You usually don't have the misguided confidence to step into a government office that you may not have known that you existed a week ago, and work at that agency. Start rudely interrogating people who are as old as your parents. They may not support plans to fire hundreds of people, abandon the rest, and stop all agents' projects.

In China's Cultural Revolution, an 18-year-old did it all. They defeated the target by the wild beast until they confessed to an imaginary thought crime. We are not there yet, but our desire to humiliate older people with their expertise and degree is the same. The rog arrogance of the Tech Brothers is the same as the young Maoist from 60 years ago.

In Silicon Valley language, their youth and inexperience are not bugs, they are distinctive features. It makes them stronger and faithful, and does not expose them to doubts or constraints that will happen to older, more experienced people.

Those who shake up our constitutional order may not have studied James Madison, the constitution, the check, the balance, or how our government should work. So when critics warn that it could destroy the founder's system, it sounds like a success. Like their leader, Musk, they imagine that expertise in one or two fields gives universal capabilities in all fields.

The young Chinese people who led violent purity in the 1960s knew that they were purer than the people they were persecuted because they were raised entirely under communism.
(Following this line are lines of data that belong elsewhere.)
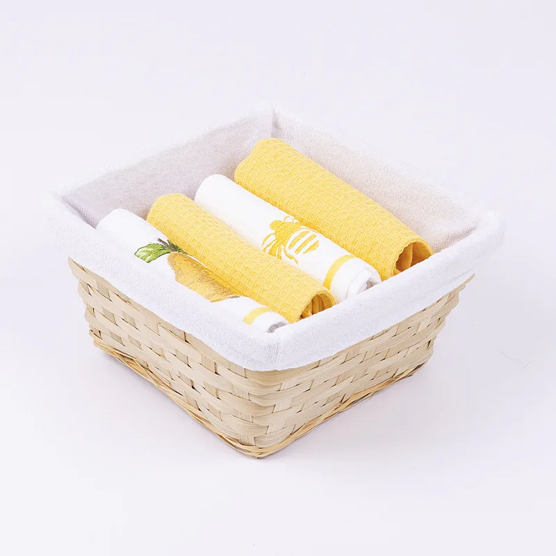 Proutěný košík s textilní vsadkou je spolu s utěrkami zabalen v celofánu a doplněn ozdobnou mašlí.
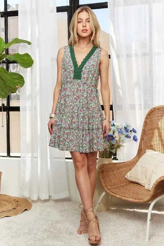 ADORA Lace Detail V-Neck Sleeveless Mini Dress ADORA Lace Detail V-Neck Sleeveless Mini Dress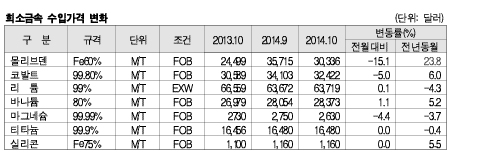 KOIMA, 10월 3만336달러로 떨어져 … 리튬․바나듐은 소폭 상승 화학뉴스 2014.11.27 희소금속 수입가격은 2014년 10월 수요 감소 및 거래 부진 등의 영향으로 5.72% 수준 급락했다.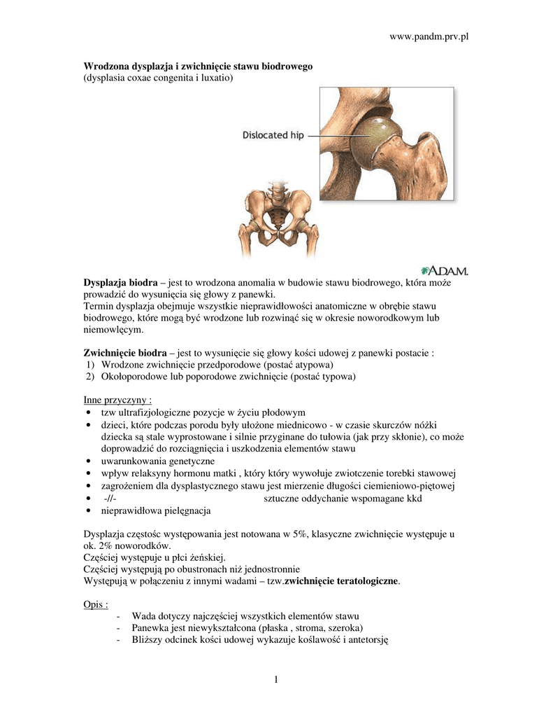 www.pandm.prv.pl 1 Wrodzona dysplazja i zwichnięcie stawu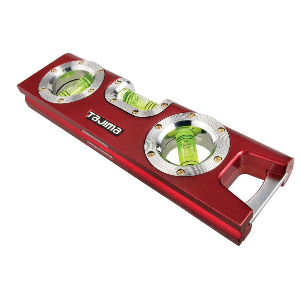 ●長さ:160mm。●気泡管:水平・垂直・45度。●指標線数:水平6本リング、垂直・45度4本リング。●気泡管精度:±1.5mm/1m(±0.0859度以内)。●蓄光シート。●磁束密度:約330ミリテスラ(mT)。●アルミダイカストボディ。●マグネット1個付。●本体:アルミダイカスト。

They knew the Maoist philosophy just as the technological brothers knew coding and venture capital.

And they have another invincible Muschia and Trumpian argument against the elderly bureaucrats they are abusing: money. If these people are actually capable, why aren't they rich? Musk's poorest members probably hired more in SpaceX or Tesla than the most senior bureaucrats last year, winning a nearly unknown team.

Silicon Valley: People who earn $110,000 a year as losers have a word.

Remember that the young executives around him are not worried about destroying the system as the masks attack our government with new targets every day. No one does in the Cultural Revolution.

Jeremy D. Mayer is an associate professor of policy and government at George Mason University and co-author.“A changing political south.”